EXERCISE BRIEF: Your copy of the data should match it exactly, except that the pictures are gone.

** Opening COLLECTED DATA block **

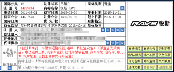 4、锐斯商标于14年申请,15年注册成功,后因版权问题,被他人提出无效宣告申请,因争议商标的注册已经损害了他人享有的在先著作权,已构成《商标法》第三十二条规定“不得损害他人现有的在先权利”之情形。终被无效。
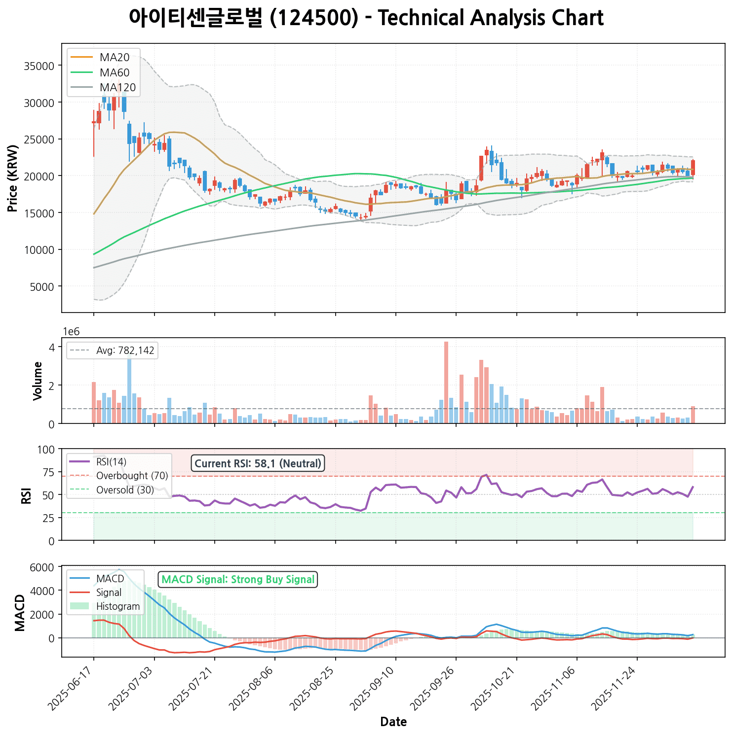 모멘텀 지표를 살펴보면, RSI(14일)는 58.14로 과매수/과매도 구간이 아닌 중립적인 수준에서 매수 우위를 보이고 있습니다. 특히 MACD는 267.65로 MACD 시그널(-15.88)을 상회하며 MACD 히스토그램이 283.53으로 강하게 양의 값을 나타내고 있습니다. 이는 MACD ‘strong_buy’ 신호와 ‘strong_uptrend’ 이동평균선 추세와 일치하며, 단기적으로 강력한 매수 모멘텀이 형성되고 있음을 시사합니다. 20,000원 선은 강력한 지지선으로 작용하며, 이 가격대 위에서 상승 추세를 이어갈 가능성이 높습니다.
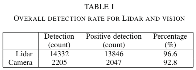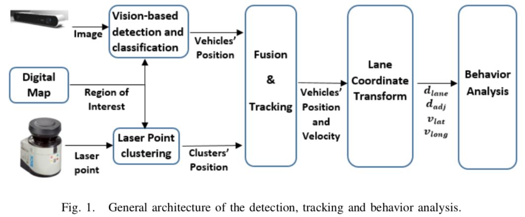 作者展示了一种实时车辆检测及追踪的系统来实现诸如城市环境中驾驶行为分析的复杂任务。作者提出了一种结合了单目相机和2D Lidar的鲁棒的融合系统。该系统充分利用了以下3个关键的部分:使用深度学习技术的鲁棒的车辆检测,从Lidar获得的高精度距离数据,以及预先知道的道路环境。相机与Lidar传感器的融合,数据关联以及跟踪管理全部都在考虑了传感器的特征之后在全局地图坐标系上执行。

** Closing COLLECTED DATA block **

RESULT OF THIS TASK:
 4、锐斯商标于14年申请,15年注册成功,后因版权问题,被他人提出无效宣告申请,因争议商标的注册已经损害了他人享有的在先著作权,已构成《商标法》第三十二条规定“不得损害他人现有的在先权利”之情形。终被无效。
 모멘텀 지표를 살펴보면, RSI(14일)는 58.14로 과매수/과매도 구간이 아닌 중립적인 수준에서 매수 우위를 보이고 있습니다. 특히 MACD는 267.65로 MACD 시그널(-15.88)을 상회하며 MACD 히스토그램이 283.53으로 강하게 양의 값을 나타내고 있습니다. 이는 MACD ‘strong_buy’ 신호와 ‘strong_uptrend’ 이동평균선 추세와 일치하며, 단기적으로 강력한 매수 모멘텀이 형성되고 있음을 시사합니다. 20,000원 선은 강력한 지지선으로 작용하며, 이 가격대 위에서 상승 추세를 이어갈 가능성이 높습니다.
 作者展示了一种实时车辆检测及追踪的系统来实现诸如城市环境中驾驶行为分析的复杂任务。作者提出了一种结合了单目相机和2D Lidar的鲁棒的融合系统。该系统充分利用了以下3个关键的部分:使用深度学习技术的鲁棒的车辆检测,从Lidar获得的高精度距离数据,以及预先知道的道路环境。相机与Lidar传感器的融合,数据关联以及跟踪管理全部都在考虑了传感器的特征之后在全局地图坐标系上执行。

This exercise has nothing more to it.